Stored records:
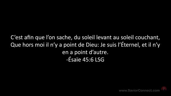 C'est afin que l'on sache, du soleil levant au soleil couchant, Que hors moi il n'y a point de Dieu: Je suis l'Éternel, et il n'y en a point d'autre. -Ésaïe 45:6 LSG
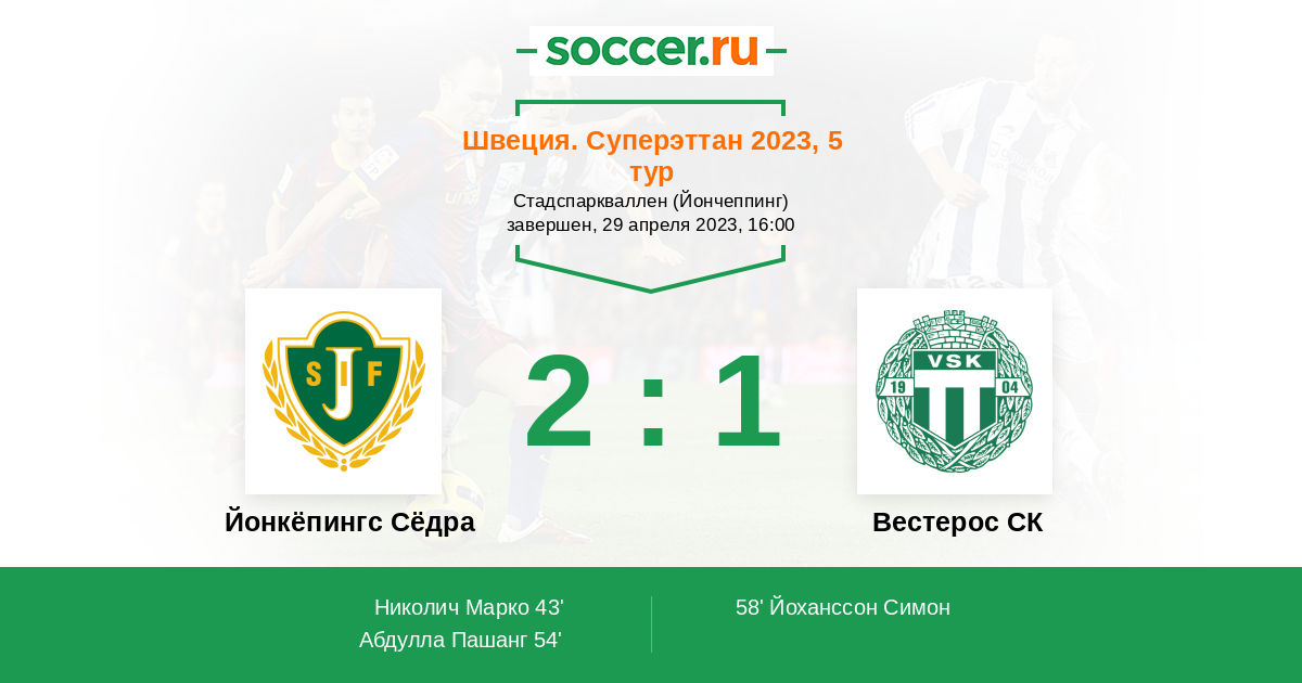 Протокол матча Йонкёпингс Сёдра против Вестерос СК
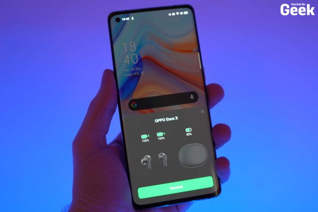Afin de personnaliser les contrôles des écouteurs, vous devrez nécessairement passer par l’application HeyMelody, ou, directement dans les réglages Bluetooth si vous utilisez un smartphone de chez Oppo. Malheureusement, l’application n’est compatible qu’avec Android, et il n’existe à ce jour aucune version dédiée à l’iPhone. Possesseur d’un smartphone pommé, les Enco X ne sont peut-être pas le bon choix à faire car vous ne pourrez rien personnaliser et devrez vous contenter des réglages par défaut des écouteurs, et vous ne pourrez pas non plus les mettre à jour. De notre côté, on les a utilisé aussi bien sur un smartphone Android qu’un Oppo Reno4 Pro, ainsi qu’un iPhone 12 Pro Max. Les écouteurs fonctionnent parfaitement sur ces trois supports, mais la palme revient évidemment à Oppo, puisque les Enco X profitent de fonctionnalités supplémentaires, dont une petite animation de démarrage vous précisant le niveau de batterie des écouteurs et leur connexion, un peu comme pour les AirPods dans l’écosystème Apple. D’ailleurs, concernant l’autonomie, on l’a trouvé très correcte, avec 5h30 environ par écouteur et un total de 25 heures grâce au boîtier (sans réduction de bruit) ou 20 heures (avec réduction de bruit).
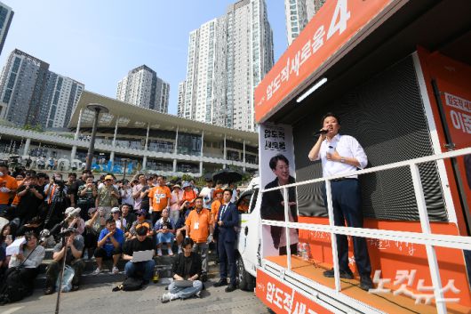 개혁신당 이준석 대통령선거 후보가 1일 경기도 화성시 동탄호수공원에서 집중 유세를 하고 있다. 화성=박종민 기자
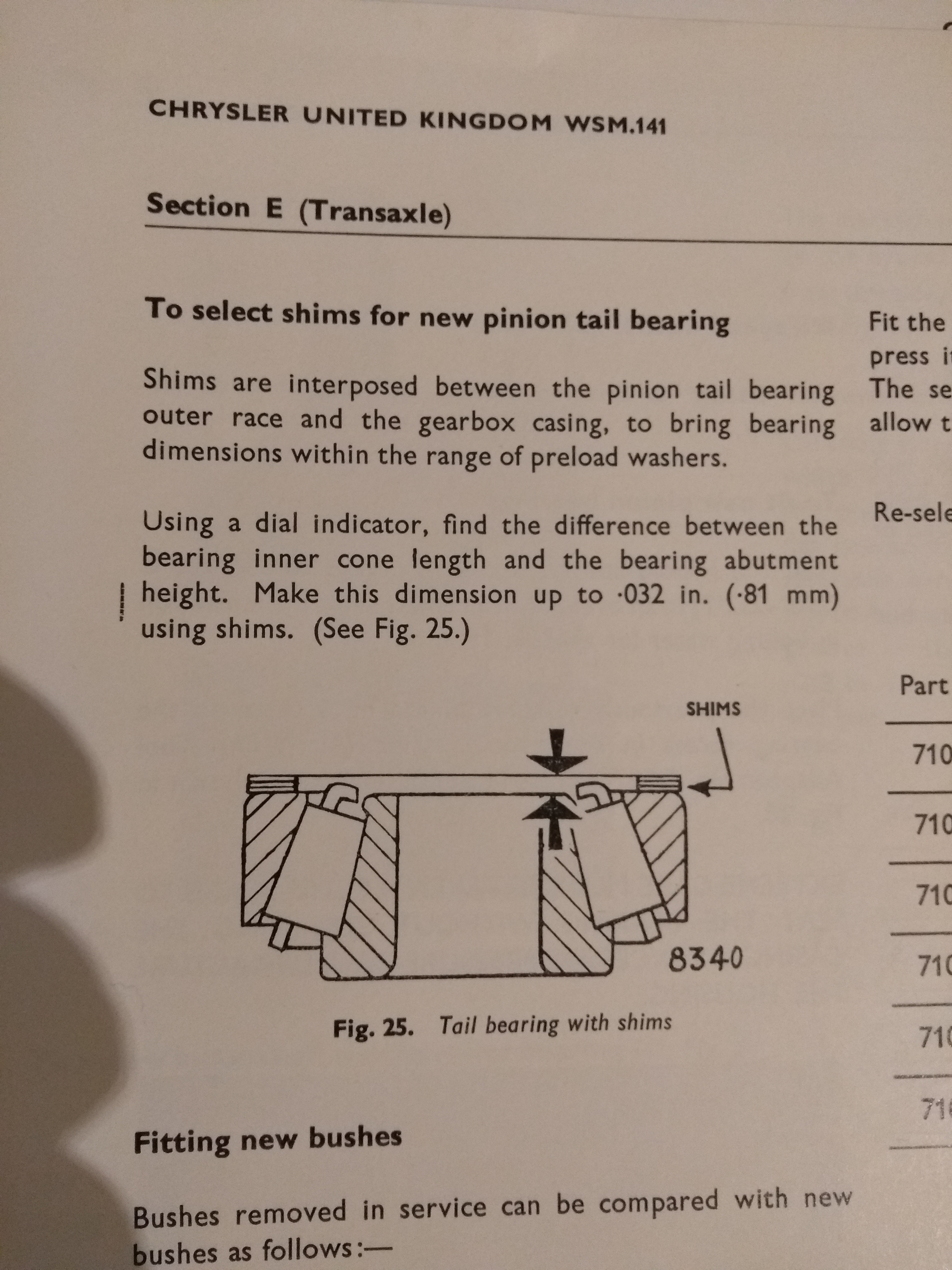 So the conclusion is I will put back what came out for the pinion tail bearing and let you know if it works out when I do the preload.
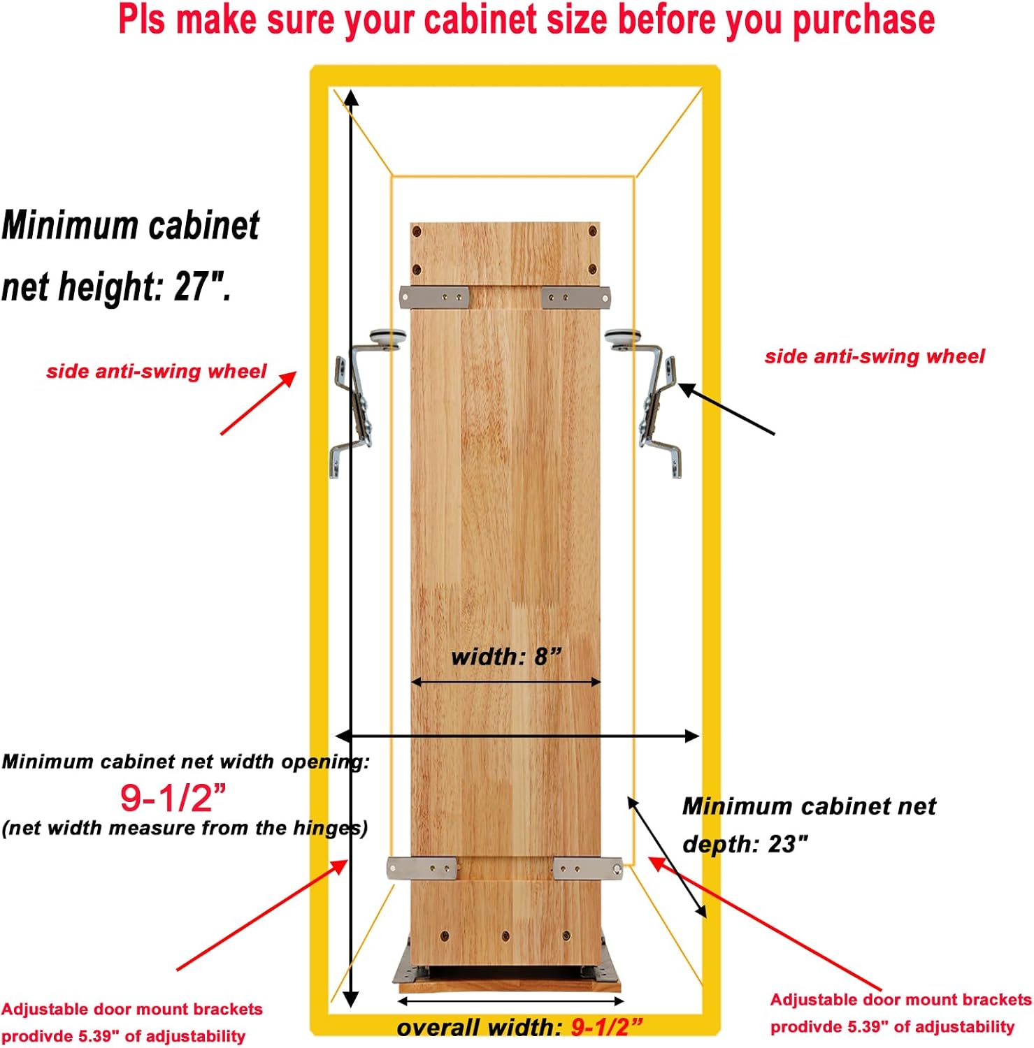 - ※ 【Large Storage Space】This spice rack organizer size is 8" W x 21.9" D x 25.2" H, the overall width included the sildes is 9-1/2" W , require at lest 9-1/2" W cabinet net width opening (net width measure from the hinge), Minimum cabinet net depth: 23"D. This pull out spice rack each layer can hold at least 14 jars spice / seasoning! Maximum save your space, keep your cabinets clean and tidy and stay away from clutter! The height of each tier is fixed.

Your assignment
Set down the records above word for word, from the first line through the line containing "Протокол матча Йонкёпингс", both included; leave out the pictures.

Result for this task
 C'est afin que l'on sache, du soleil levant au soleil couchant, Que hors moi il n'y a point de Dieu: Je suis l'Éternel, et il n'y en a point d'autre. -Ésaïe 45:6 LSG
 Протокол матча Йонкёпингс Сёдра против Вестерос СК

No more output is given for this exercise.